Ken Zino of on GM China JV Results Q3 2020

During the next five years, more than 40% of GM’s new models in China will be new energy vehicles.

GM’s sales in China in the third quarter grew 12% year-over-year as the market continued its recovery. Buick and Cadillac increased 26% and 28%, respectively. The Wuling Hong Guang MINI EV became the best-selling EV model in China, and Buick started sales of the VELITE 7 all-electric SUV and VELITE 6 plug-in hybrid electric vehicle in the third quarter.

In South America, GM sold ~123,000 vehicles in the quarter and the Chevrolet Onix was the best-selling vehicle in the region.

The bet GM and Honda Motor made by signing a non-binding memorandum of understanding toward establishing a North American automotive alliance during the quarter is in my view an odds-on favorite to succeed.  (Unless shareholders self-destructively farce GM to embark on another share buyback program instead of using capital to grow and thrive.)

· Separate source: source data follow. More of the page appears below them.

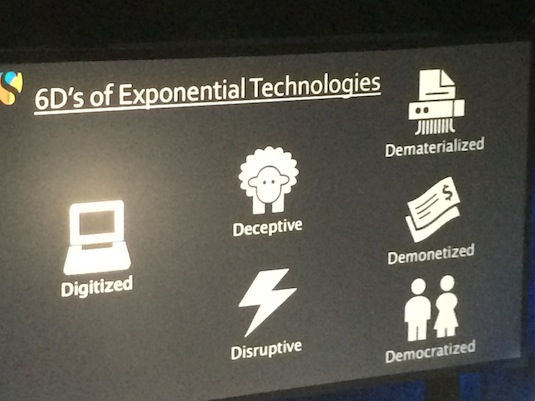De platmakers uit Friedman’s boek ‘The World Is Flat’ komen versterkt terug op de SU. Die krachten zorgen ervoor dat kennis, informatie, tools en kansen toegankelijk worden voor een steeds grotere hoeveelheid mensen. En worden versterkt door deze 6 D’s van het singularity-gedachtegoed: dematerialized, digitized, deceptive, demonetized, disruptive, democratized.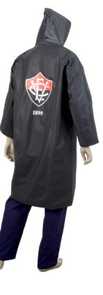 Especificações: capa de segurança com capuz, confeccionada em tela de poliéster revestida de PVC em uma das faces, fechamento frontal por meio de quatro botões plásticos de pressão e costuras por meio de solda eletrônica.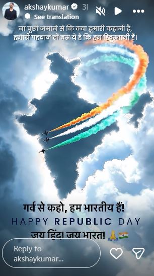 अक्षय कुमार ने इंस्टाग्राम पर लिखा, “गर्व से कहें कि हम भारतीय हैं। गणतंत्र दिवस की शुभकामनाएं। जय हिंद, जय भारत।”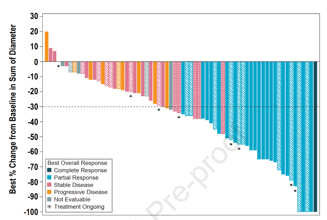 疗效:在全分析人群中,独立评审委员会评估的ORR为39%,包括1%的CR和38%的PR,另有34%的患者评估为SD,DCR为73%,80%的患者瘤体出现不同程度缩小,另有16%的患者在首次疗效评估前脱落,中位随访时间7.6个月,中位至响应出现时间为29天,中位DOR和中位PFS分别为5.7个月和5.6个月。在每日一次和每日两次组,ORR分别为45%和30%,DCR分别为75%和70%。中位PFS均为5.6个月,中位DOR分别为5.7个月和未达到(随访时间较短,中位随访时间3.7个月)。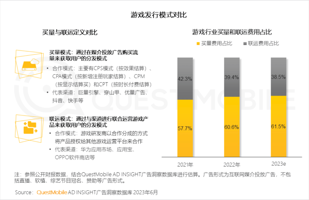 据QuestMobile分析报告显示,近年来游戏厂商在广告买量上投入的费用,已经超越在联运模式中的投入,成为主流发行模式,且近年来占比越来越大。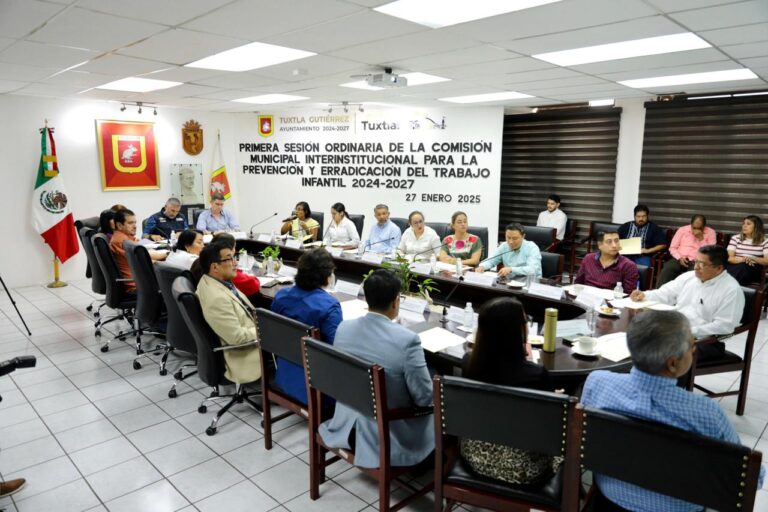 Tuxtla Gutiérrez, Chiapas – En el marco de la Primera Sesión Ordinaria de la Comisión Municipal Interinstitucional para la Prevención y Erradicación del Trabajo Infantil, el Ayuntamiento de Tuxtla Gutiérrez reafirmó su compromiso con la protección de los derechos de niñas, niños y adolescentes.

The reach includes a range of vehicles to be sold under each company’s brands, and cooperation in purchasing, research and development, and connected services. The companies will explore vehicle platform-sharing possibilities, along with propulsion systems and advanced driver-assist features. This alliance will help realize significant cost savings, freeing up resources to invest in future mobility opportunities.  (see Honda, GM Ink MoU on North American Alliance!)

The Alliance follows collaboration in electrified vehicles and technologies. (GM and Honda to Jointly Develop Honda Electric Vehicles) While this is consistent with an industry trend to share ruinous development costs on future CO2-free vehicles, the vast financial resources of both global automotive giants underscore the severity of the problem that automakers face. For many companies mergers will be the only way to survive – if they survive at all.  (GM and Honda to Make Fuel Cells in Michigan)

Under the proposed alliance, Honda and GM would collaborate in a variety of segments in North America, intending to share common vehicle platforms, including both electrified and internal combustion propulsion systems that align with the vehicle platforms. Co-development planning discussions are underway with engineering work beginning in early 2021. (Honda, GM Expand Cooperation for Next Gen Battery)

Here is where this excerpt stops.